> _Supplied information_:
[Start of section]

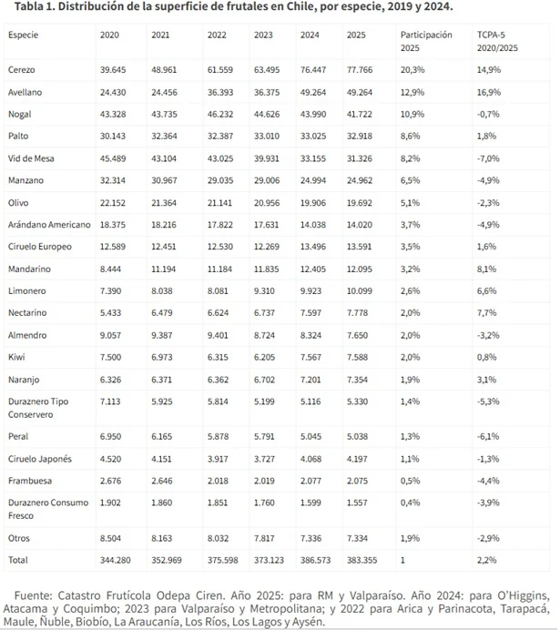Según datos del Catastro Frutícola Odepa-Ciren, la superficie nacional de frutales en 2025 se estima en 383.354,8 hectáreas, y se registra una Tasa Media de Crecimiento Anual (TCPA) de 2,2% para los últimos 5 años (2020-2025). Las principales especies frutales presentes al año 2025 son cerezo, avellano, nogal y palto. En la tabla 1 registra las especies que conforman el 98% de la superficie frutícola nacional. Donde destacan 9 especies con un crecimiento positivo en la superficie plantada los últimos 5 años y 11 cuya superficie desciende.
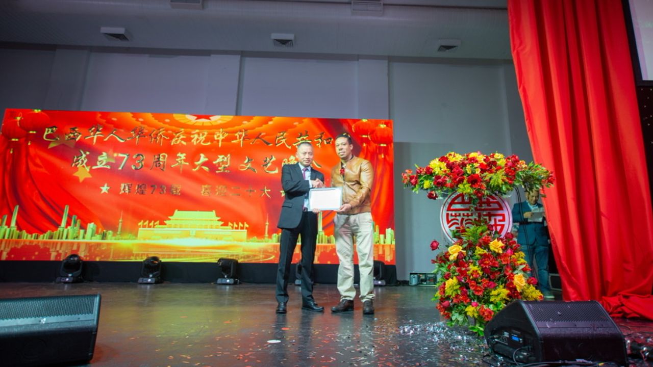 市议员埃迪尔的代表致辞时送上了市议员的祝福。并表示圣保罗不能缺少中国人,他们勤奋会做生意为圣保罗的经济发展做出巨大贡献。他说,我们很感谢在圣保罗的中国人。愿中巴友谊长存,巴西万岁,中国万岁,祝大家国庆节快乐。并在现场向华人协会会长叶周永颁发象征中巴友谊的牌匾,以示友好表达两国友谊长存。
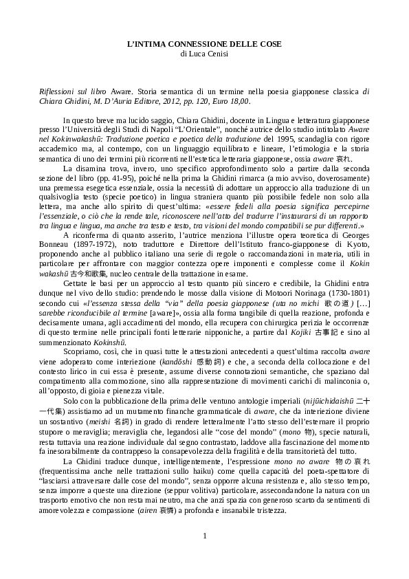One is cognizant of something when one. Lingua e Traduzione Giapponese III Esami Pubblicazioni Ricerca Tesi di Laurea Mappa del sito Didattica > Letteratura Giapponese A (triennale) La letteratura giapponese dalle origini all’era Genroku () Il corso verrà svolto nel primo semestre con i seguenti orari. Proponi una nuova voce giapponese greco inglese italiano latino norvegese olandese persiano polacco.
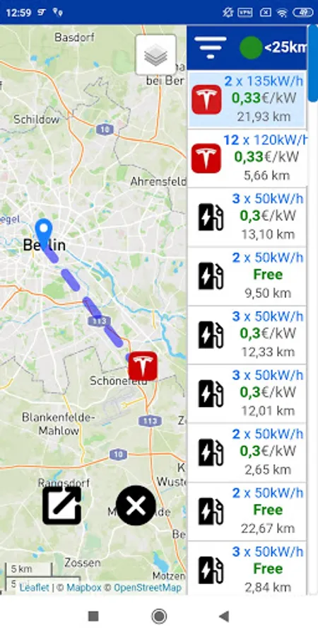 * Plan your routes efficiently with Eurocharging: Eurocharging can calculate for you the stops where recharging your battery is cheaper depending on the initial autonomy, the total autonomy of your vehicle and the prices of all the Points Recharge less than 3km from the route to follow.

[End of section]

> _Exercise directions_:
Return the listing above in full and without alteration, excluding its pictures.

> _Answer box_:
Según datos del Catastro Frutícola Odepa-Ciren, la superficie nacional de frutales en 2025 se estima en 383.354,8 hectáreas, y se registra una Tasa Media de Crecimiento Anual (TCPA) de 2,2% para los últimos 5 años (2020-2025). Las principales especies frutales presentes al año 2025 son cerezo, avellano, nogal y palto. En la tabla 1 registra las especies que conforman el 98% de la superficie frutícola nacional. Donde destacan 9 especies con un crecimiento positivo en la superficie plantada los últimos 5 años y 11 cuya superficie desciende.
 市议员埃迪尔的代表致辞时送上了市议员的祝福。并表示圣保罗不能缺少中国人,他们勤奋会做生意为圣保罗的经济发展做出巨大贡献。他说,我们很感谢在圣保罗的中国人。愿中巴友谊长存,巴西万岁,中国万岁,祝大家国庆节快乐。并在现场向华人协会会长叶周永颁发象征中巴友谊的牌匾,以示友好表达两国友谊长存。
One is cognizant of something when one. Lingua e Traduzione Giapponese III Esami Pubblicazioni Ricerca Tesi di Laurea Mappa del sito Didattica > Letteratura Giapponese A (triennale) La letteratura giapponese dalle origini all’era Genroku () Il corso verrà svolto nel primo semestre con i seguenti orari. Proponi una nuova voce giapponese greco inglese italiano latino norvegese olandese persiano polacco.
 * Plan your routes efficiently with Eurocharging: Eurocharging can calculate for you the stops where recharging your battery is cheaper depending on the initial autonomy, the total autonomy of your vehicle and the prices of all the Points Recharge less than 3km from the route to follow.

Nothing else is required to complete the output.